WORK TASK =
Please set down exactly the lines of the listing below from the line containing "目前財政部轄下公股金控、銀行" through the line containing "Atenție șoferi! Traficul", both lines included, leaving out all other lines.

▬▬▬▬▬▬▬▬▬▬

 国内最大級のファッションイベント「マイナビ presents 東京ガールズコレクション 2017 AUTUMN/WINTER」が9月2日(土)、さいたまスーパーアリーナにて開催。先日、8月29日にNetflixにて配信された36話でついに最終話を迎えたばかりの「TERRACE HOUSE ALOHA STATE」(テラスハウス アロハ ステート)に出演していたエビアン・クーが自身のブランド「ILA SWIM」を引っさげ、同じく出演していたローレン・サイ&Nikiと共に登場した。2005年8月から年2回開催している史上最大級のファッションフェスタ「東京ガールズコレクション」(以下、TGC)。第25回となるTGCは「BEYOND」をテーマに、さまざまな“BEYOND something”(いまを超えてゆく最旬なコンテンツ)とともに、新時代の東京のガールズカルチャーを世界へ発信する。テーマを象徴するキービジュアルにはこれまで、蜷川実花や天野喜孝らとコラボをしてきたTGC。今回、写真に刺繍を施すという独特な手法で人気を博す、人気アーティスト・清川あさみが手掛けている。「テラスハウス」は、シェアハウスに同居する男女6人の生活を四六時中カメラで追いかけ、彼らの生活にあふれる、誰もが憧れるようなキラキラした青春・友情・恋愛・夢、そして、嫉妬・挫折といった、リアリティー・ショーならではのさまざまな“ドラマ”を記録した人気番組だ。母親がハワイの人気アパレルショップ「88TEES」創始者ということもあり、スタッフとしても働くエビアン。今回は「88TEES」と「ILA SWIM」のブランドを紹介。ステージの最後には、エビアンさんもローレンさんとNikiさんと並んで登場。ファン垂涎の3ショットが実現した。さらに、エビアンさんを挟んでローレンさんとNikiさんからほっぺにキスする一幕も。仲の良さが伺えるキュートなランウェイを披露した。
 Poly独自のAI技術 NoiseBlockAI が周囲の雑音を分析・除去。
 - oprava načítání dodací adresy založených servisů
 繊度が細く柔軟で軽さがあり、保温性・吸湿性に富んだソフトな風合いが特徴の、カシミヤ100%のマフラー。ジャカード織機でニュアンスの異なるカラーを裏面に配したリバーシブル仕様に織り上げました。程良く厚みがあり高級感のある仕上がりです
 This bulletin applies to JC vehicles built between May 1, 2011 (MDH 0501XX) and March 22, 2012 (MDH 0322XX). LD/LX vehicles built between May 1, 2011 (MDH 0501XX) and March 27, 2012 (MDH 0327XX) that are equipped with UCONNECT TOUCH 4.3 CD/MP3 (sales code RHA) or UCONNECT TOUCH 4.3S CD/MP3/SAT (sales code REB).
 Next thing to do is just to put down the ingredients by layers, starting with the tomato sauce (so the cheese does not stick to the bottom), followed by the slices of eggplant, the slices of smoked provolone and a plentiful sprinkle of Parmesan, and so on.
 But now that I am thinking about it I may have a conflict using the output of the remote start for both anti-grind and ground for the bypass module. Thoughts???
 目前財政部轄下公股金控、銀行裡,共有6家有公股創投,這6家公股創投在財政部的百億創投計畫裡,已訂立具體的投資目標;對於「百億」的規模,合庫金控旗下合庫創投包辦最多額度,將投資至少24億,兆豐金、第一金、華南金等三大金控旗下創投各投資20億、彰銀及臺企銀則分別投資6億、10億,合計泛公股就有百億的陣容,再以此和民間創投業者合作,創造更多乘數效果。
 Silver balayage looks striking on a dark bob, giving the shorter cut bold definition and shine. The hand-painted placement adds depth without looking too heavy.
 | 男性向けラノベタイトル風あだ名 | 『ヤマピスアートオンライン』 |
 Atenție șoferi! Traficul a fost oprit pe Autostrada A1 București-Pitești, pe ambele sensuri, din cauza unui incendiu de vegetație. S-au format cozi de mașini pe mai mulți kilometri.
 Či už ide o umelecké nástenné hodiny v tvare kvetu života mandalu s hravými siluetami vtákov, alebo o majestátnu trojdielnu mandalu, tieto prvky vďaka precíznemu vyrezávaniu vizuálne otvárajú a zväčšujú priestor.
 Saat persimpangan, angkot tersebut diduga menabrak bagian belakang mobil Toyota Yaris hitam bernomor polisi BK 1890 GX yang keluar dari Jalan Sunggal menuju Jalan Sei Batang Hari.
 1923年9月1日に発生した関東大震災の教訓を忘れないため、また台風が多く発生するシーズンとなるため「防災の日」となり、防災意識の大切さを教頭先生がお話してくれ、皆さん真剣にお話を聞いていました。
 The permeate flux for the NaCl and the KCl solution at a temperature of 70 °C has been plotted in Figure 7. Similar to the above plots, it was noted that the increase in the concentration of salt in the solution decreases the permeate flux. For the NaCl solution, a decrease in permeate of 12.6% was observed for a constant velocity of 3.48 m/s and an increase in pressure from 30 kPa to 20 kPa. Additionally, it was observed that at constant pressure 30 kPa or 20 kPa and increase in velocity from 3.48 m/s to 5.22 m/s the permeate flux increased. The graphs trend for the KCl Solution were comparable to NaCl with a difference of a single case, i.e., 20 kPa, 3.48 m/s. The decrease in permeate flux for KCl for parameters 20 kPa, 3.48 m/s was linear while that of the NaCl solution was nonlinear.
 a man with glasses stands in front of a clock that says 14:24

▬▬▬▬▬▬▬▬▬▬

SOLUTION FOR THIS TASK =
 目前財政部轄下公股金控、銀行裡,共有6家有公股創投,這6家公股創投在財政部的百億創投計畫裡,已訂立具體的投資目標;對於「百億」的規模,合庫金控旗下合庫創投包辦最多額度,將投資至少24億,兆豐金、第一金、華南金等三大金控旗下創投各投資20億、彰銀及臺企銀則分別投資6億、10億,合計泛公股就有百億的陣容,再以此和民間創投業者合作,創造更多乘數效果。
 Silver balayage looks striking on a dark bob, giving the shorter cut bold definition and shine. The hand-painted placement adds depth without looking too heavy.
 | 男性向けラノベタイトル風あだ名 | 『ヤマピスアートオンライン』 |
 Atenție șoferi! Traficul a fost oprit pe Autostrada A1 București-Pitești, pe ambele sensuri, din cauza unui incendiu de vegetație. S-au format cozi de mașini pe mai mulți kilometri.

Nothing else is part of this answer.